Sectores campesinos, aunque sin cambiar todavía la correlación poblacional, empezaron a rodear con los “ranchos” nacientes las grandes ciudades, en busca de la fiesta, pero ello, en las condiciones de la inmigración europea masiva que privilegiaba el dictador, sólo consiguió potenciar el desempleo de mano criolla o el trabajo precario; los programas de construcción fueron sobrepasando la capacidad financiera del Estado, el cual se vio obligado a recurrir al pago en bonos, que la burguesía colocaba en Nueva York y en Europa; los tenedores de esos bonos comenzaron a presionar a sus clientes; el gobierno tuvo algunos atrevimientos nacionalistas, sin fuelle, pero su actividad se fue inevitablemente reduciendo; la acción política clandestina va recibiendo aportes de nuevas procedencias y ganando estratos de población antes adversarios o indiferentes; el agotamiento de la dictadura se va haciendo visible, ya no sirve ni a los obreros, ni a los campesinos, ni a las capas medias, ni a las cúpulas eclesiales, ni a las élites militares menos comprometidas, ni a la burguesía, ni al imperio, que empezaba a temer la acción de los pueblos contra las dictaduras y dar pasos hacia la preferencia de dirigidas y programadas “democracias”. Para 1957 se han anudado todas las contradicciones, la crisis política es global.

La dirección del Partido Comunista traza la línea de la unidad nacional contra el focalizado enemigo Pérez Jiménez-Vallenilla-Pedro Estrada e instrumenta la Junta Patriótica, que recoge la necesidad unitaria y se convierte en dirigente del proceso final. Triunfo de pueblo civil y pueblo armado. Fue un brillante acierto táctico, pero carente de proyección estratégica. ¿Después de Pérez Jiménez, qué? La pregunta ni se formuló ni se respondió, tácitamente se dio como buena una simple democracia formal. La visión “etapista” cerró el camino. El pueblo y los revolucionarios en la calle, celebrando, y el poder o una parte de él sin mano firme que lo asiera, pero los burgueses metiéndose en Miraflores para recuperarlo y asegurarlo.

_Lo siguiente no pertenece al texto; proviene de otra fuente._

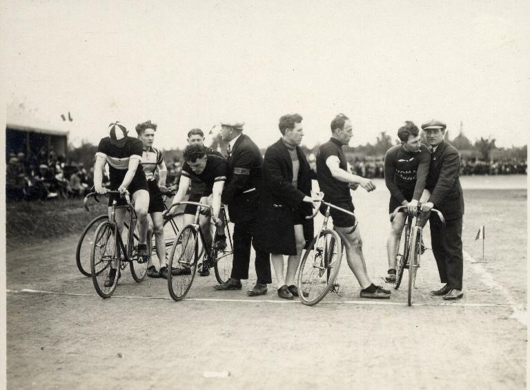 Inauguration du vélodrome de Bolumet : départ de la première course (9 mai 1926)Immatriculation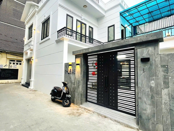 Nhà được thiết kế theo phong cánh hiện đại sang trọng! Sân cổng rộng thoáng mát và nhiều cây xanh!

Como expresó el Dr. Edgar Sanabria, el pueblo sembró y la burguesía cosechó. La “unidad del Country Club y La Charneca” –así se decía, con incauto olvido de la lucha de clases– sirvió a la postre para que el primero se tragara a la segunda, comenzando con la eliminación de la Junta Patriótica mediante el truco de ampliarla. Y luego, en lugar de prohijar una reforma agraria que ganara al campesinado, todavía con gran peso poblacional, se dio el espaldarazo a unas elecciones inmediatas, lo cual significaba abrir las puertas a Rómulo Betancourt, ya en cuerpo y alma entregado al imperio. Vino a “aislar y segregar” a los revolucionarios y supo hacer a fuego y sangre esa tarea (“disparar primero y averiguar después” – “las calles son de la policía”). Lo cual costó al país, tras un año de democracia real, cuarenta de tragedia e ignominia.

 No obstante, el hilo histórico roto por la traición se anudaría de nuevo, luego de otros muchos combates y derrotas, en el amanecer de la Revolución Bolivariana.